Fig. 5 illustrates a training method of a neural network according to an embodiment of the present disclosure. The neural network described in connection with fig. 3, 4 may be trained using the training method 500 shown in fig. 5.
In step S502, a sample image and a true position of at least one target object present in the sample image may be acquired. Wherein the sample image may comprise a human body image and the target object may be a human body key point. It should be noted that the human body image in the present embodiment is from a public data set.
In step S504, the sample image is input into the neural network to be trained, and at least one position feature map respectively used for at least one target object output by the neural network to be trained is obtained. The initial parameters of the neural network to be trained may be randomly generated or obtained through pre-training.
In step S506, a predicted position of the at least one target object in the sample image may be determined based on the at least one position feature map.
In step S508, a loss function may be calculated based on the actual position noted in step S502 and the predicted position obtained in step S506. In some examples, a loss function such as Mean Square Error (MSE) may be used.
In step S510, parameters in the neural network may be adjusted based on the loss function calculated in step S508, so that the neural network can learn features of each target object to be detected, which refers to the accuracy of target object detection.
Fig. 6 illustrates an exemplary block diagram of an image processing apparatus according to an embodiment of the present disclosure.
As shown in fig. 6, the image processing apparatus 600 may include a semantic feature acquisition unit 610, a target feature acquisition unit 620, and a target object detection unit 630.
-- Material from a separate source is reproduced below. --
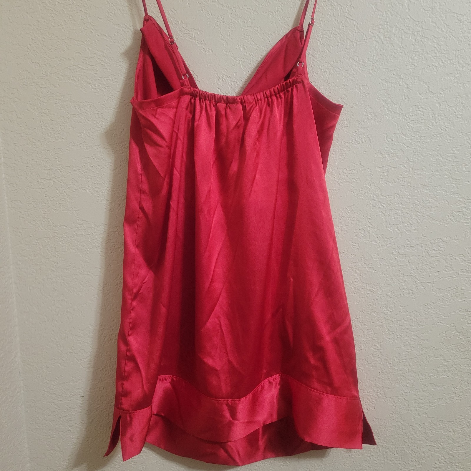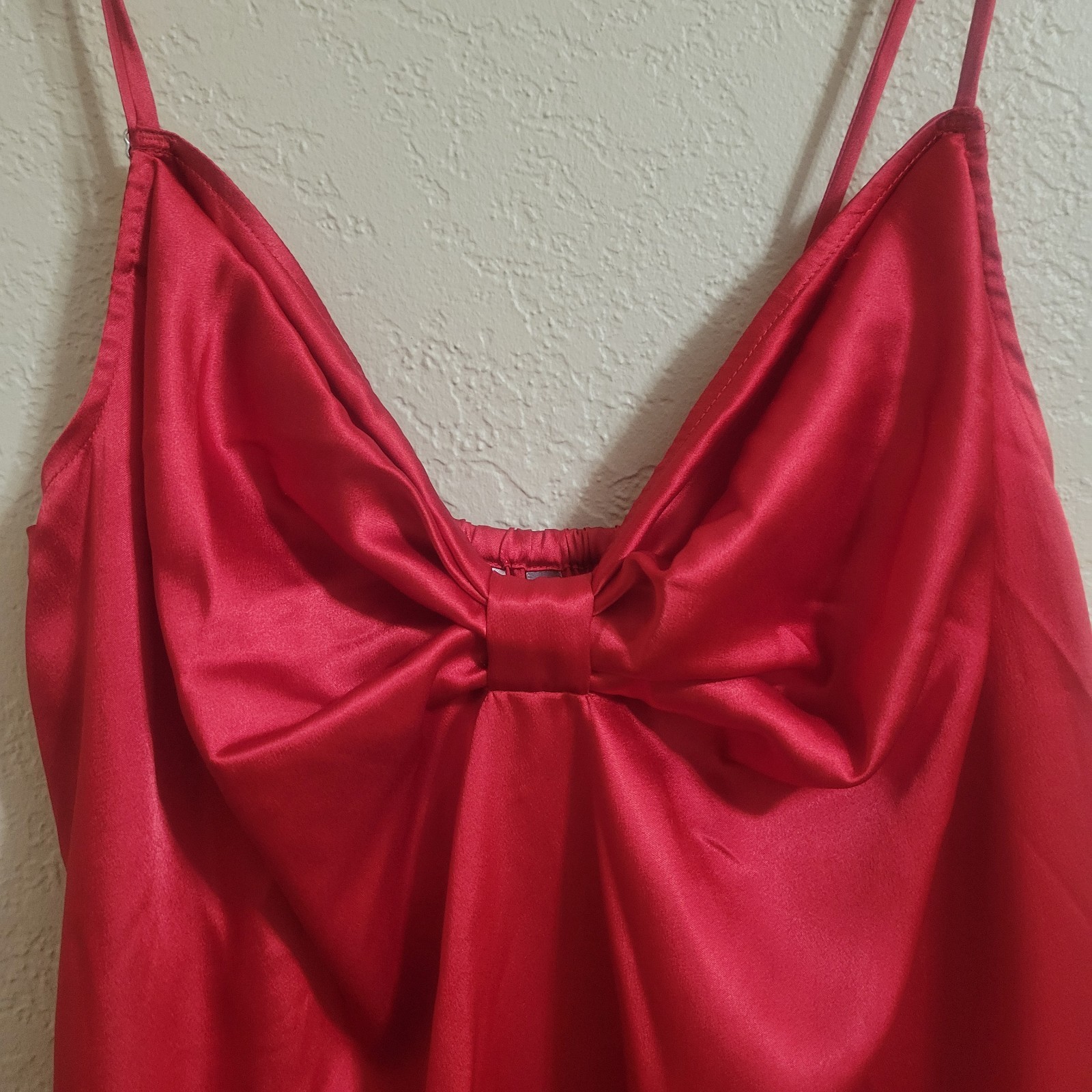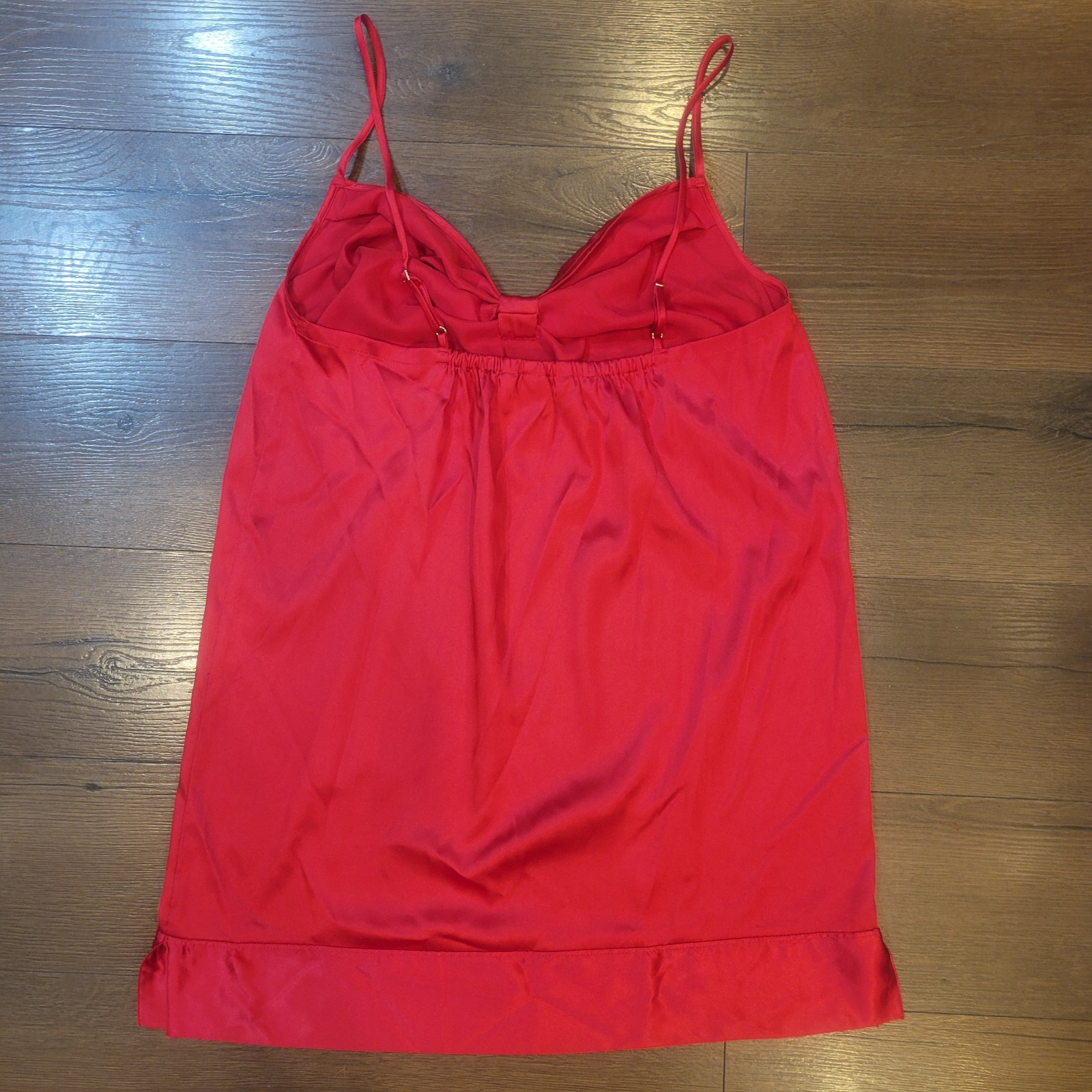 как выглядит Vintage Victoria s Secret Satin Slip Dress M Red Bow Front Chemise 2009 Lingerie фото

The semantic feature acquisition unit 610 may be configured to acquire a semantic feature map of the target image. The target feature obtaining unit 620 may be configured to determine at least one target feature map for at least one target object in the target image, respectively, based on the semantic feature maps. The target object detection unit 630 may be configured to, for each of at least one target object, determine an attention matrix for the target object based on a target feature map of the target object and determine a location feature map for the target based on the target feature map of the target object and the attention matrix of the target object, wherein the location feature map indicates a location of the target object in a target image.
The operations of the units 610 to 630 of the image processing apparatus 600 are similar to the operations of the steps S202 to S206, and are not described again.
According to an embodiment of the present disclosure, there is also provided an electronic apparatus including: at least one processor; and a memory communicatively coupled to the at least one processor; wherein the memory stores instructions executable by the at least one processor to enable the at least one processor to perform the method described in connection with fig. 2.
There is also provided, in accordance with an embodiment of the present disclosure, a non-transitory computer readable storage medium having stored thereon computer instructions for causing the computer to perform the method described in connection with fig. 2.
There is also provided, in accordance with an embodiment of the present disclosure, a computer program product, comprising a computer program, wherein the computer program, when executed by a processor, implements the method described in connection with fig. 2.
In the technical scheme of the disclosure, the collection, storage, use, processing, transmission, provision, disclosure and other processing of the personal information of the related user are all in accordance with the regulations of related laws and regulations and do not violate the good customs of the public order.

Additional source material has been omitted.